Being fired up to get in shape or improve your health is admirable. An offhand comment from someone close to you or a major health scare might do the trick and get you to finally buy that gym membership or join a Yoga studio. You’ll get in shape and feel great. If you’re lucky, that’ll be the end of the story and you’ll spend the rest of your days ripped and pitying us mere mortals and our eternal struggle to create lasting exercise motivation.
For the rest of us, the battle shall continue. We’ll eat too much in the holiday season and regret it afterwards. Weeks will pass where not a single weight is lifted nor a sneaker laced. Work, family and life in general will keep getting in the way at every opportunity. Luckily, it’s not all doom and gloom. There are ways to create exercise motivation that lasts. Here are 5 of them:
Set GOALS and goals
Start by setting a BIG GOAL and then break it down into smaller mini-goals that can be landmarks on your journey. Whether you want to complete an Ironman, compete in a bodybuilding contest or just want to lose a bunch of weight and get your health in order, you’ll need a set of milestones along the way.
Without these smaller goals, you might become overwhelmed at the magnitude of what’s in front of you. Equally, without a big one, you’ll most likely get lazy when the novelty of post-workout endorphins, dopamine and serotonin wears off.
Find an activity you Love
Just because your partner likes jogging or your friend swears by Zumba, doesn’t mean these things will be for you. By all means, give them a go! But don’t become dispirited if someone else’s favorite activity or the latest fad doesn’t work for you. With a can-do attitude and an open mind, there are virtually limitless forms of movement you can explore.
Maybe the camaraderie of team sports will be your thing, perhaps it’ll be the tranquility of hiking through nature or the rush of adrenaline from extreme sports. Once you find something that you love doing, creating lasting exercise motivation will take care of itself.
Get training partners
Having someone who will send a text reminder the night before, share early morning drives to training or events, and be there to push you when needed is invaluable when it comes to maintaining exercise motivation. If you’re a semi-decent human being, you’ll feel pretty bad about letting your training partner down, and we all know that guilt is a great motivator.
Even if you do an individual sport it can be handy to have like-minded buddies who share useful information and ideas with you. Team sports or group activities are a great way to form social bonds. It’s clear that identifying with a group is one of the most powerful needs we have as human beings. Finding one that you enjoy being a part of is a surefire way to keep yourself coming back for more.
Cliches are often cliches for a reason. It’s fair to say that when it comes to creating and maintaining exercise motivation, knowledge really is power.
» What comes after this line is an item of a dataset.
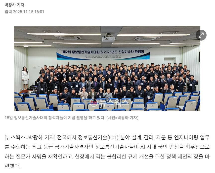 에스비정보기술 - 제2회 정보통신기술사대회 참가 페이지 정보 관리자 25-11-20 14:32 본문 [기사링크] https://www.newsworks.co.kr/news/articleView.html?idxno=818914 관련링크 https://blog.naver.com/sbit107/224082237110 22회 연결 리스트
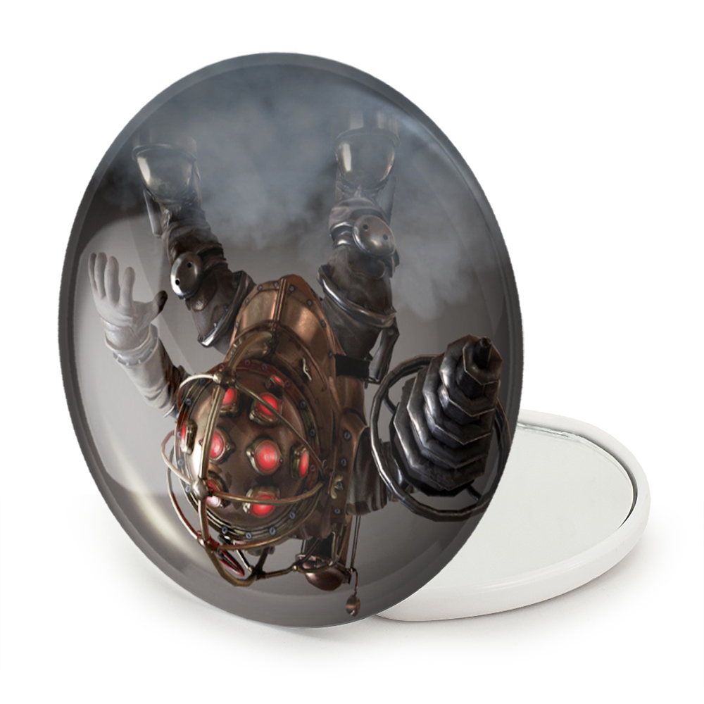آینه های تاشو بازی بایوشاک (Bioshock) خندالو، از جنس پلاستیک فشرده ABS تولید شده و به رنگ سفید می باشد. یکی از آینه ها ابعاد واقعی را نشان داده و دیگری با قابلیت بزرگنمایی، جزئیات را بهتر نمایش می دهد.

Taking the time to learn about your body and mind will almost certainly motivate you to protect them. Realizing that you can develop near superhuman powers and extend your lifespan by multiple years could be the motivation you’ve always been searching for. If not, perhaps learning about the dangers of a sedentary lifestyle will shock you into action.
There is so much incredible knowledge out there about health, nutrition, lifestyle and movement. The more of it you encounter, the better idea you’ll have about what will work for you and why certain things don’t.
Record your progress
Before and after photos are the oldest trick in the book, so why not use it on yourself? Tracking your progress through visual material or numbers is a great way to maintain exercise motivation. We’re not wired to perceive gradual change. You don’t notice how much a child grows in day or how much weight you put on in a weekend binge. But cold hard data never lies (unless you’re really good at manipulating it).
Seeing your progress on a spreadsheet or as you scroll through your phone’s images can be a lovely little boost to the ego. Just don’t let it get to your head!